Шрифт:
Интервал:
Закладка:
— Не приставайте ко мне, ну и народ! — закричал я почти с отчаянием, прижимая к животу отвратительно мокрые шары свекол. — Сами идите рвите! Свекла там для всех растет! Чего это я один должен трудиться?
— Так вам же легче, вы же молодой! — сказал тип в картонной покрышке.
— Ну и подыхайте, раз вы старые и боитесь. Если б я боялся, на мне давно уже трава бы росла!
— Так подавись же ею, сукин сын! — со злобой крикнул мне вслед тип в картонной покрышке.
Наконец я пробрался к бывшему диверсанту. Ромек сидел во рву на корточках, опираясь на рукоять кирки.
— Все равно никто не смотрит, чего зря стараться? — весьма рассудительно заметил он.

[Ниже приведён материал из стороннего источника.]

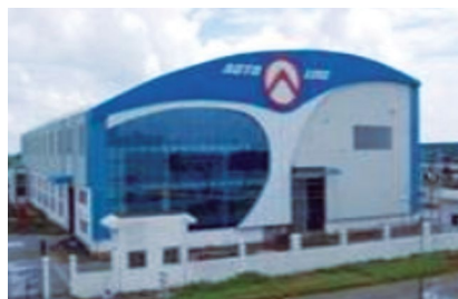
Unit 3 - Pant Nagar, Uttarakhand (3 Units) (Area - 20,400 sqm)
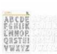
Simon Says Stamps And Dies ORNATE...
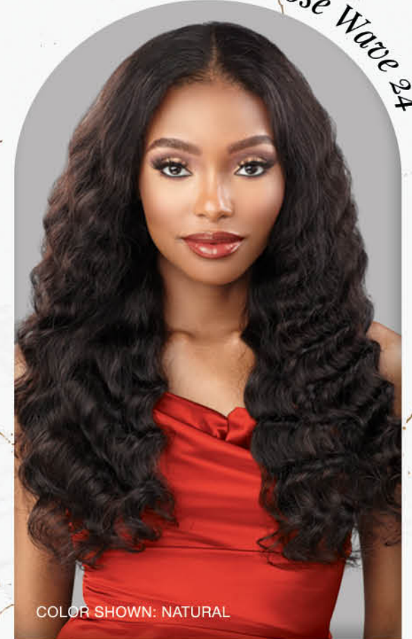
COLOR SHOWN: NATURAL
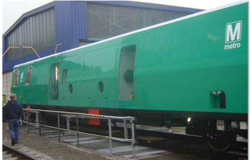
Rail vehicle with installed rail flaw detection system

Provides real-time assessment of wheel flaws.

Я вытащил из-под куртки свеклу. Диверсант копнул киркой дно рва, сделал маленькую ямку, достал из недр своей одежды бесценный предмет — перочинный ножик — и аккуратно очистил обе свеклы, бросая очистки в ямку.
— Пошли мы, знаешь, однажды разделаться с одним старостой, недалеко от Радома, — говорил он, вырезая из свеклы жесткие, неприемлемые для гурмана, части. — Деревня называлась Ежины или Дзежины — что-то в этом роде. Окружили кое-как хату, и Волк — во всех историях Ромека Волк играет главную роль — залез в хату через окно, мы стоим, ждем, когда он управится. А его все не видно, и вдруг зовет меня. Влезаю, понимаешь, и я, осматриваюсь, темновато там, ан староста с бабой в кровати и вставать не хочет. «Выходи на допрос», — говорит Волк. «Я его не пущу, допрашивайте в кровати», — говорит баба. А староста с перепугу молчит. Пали, говорю, в подушку, чего не сделаешь для Родины! Пальнули мы оба вместе в мужика, аж перья к потолку взлетели. И ты думаешь, баба крик подняла из-за него? Вот и нет! «Ах вы, такие-сякие, — говорит, — партизаны паршивые, что ж вы мне подушку и перину изничтожили!»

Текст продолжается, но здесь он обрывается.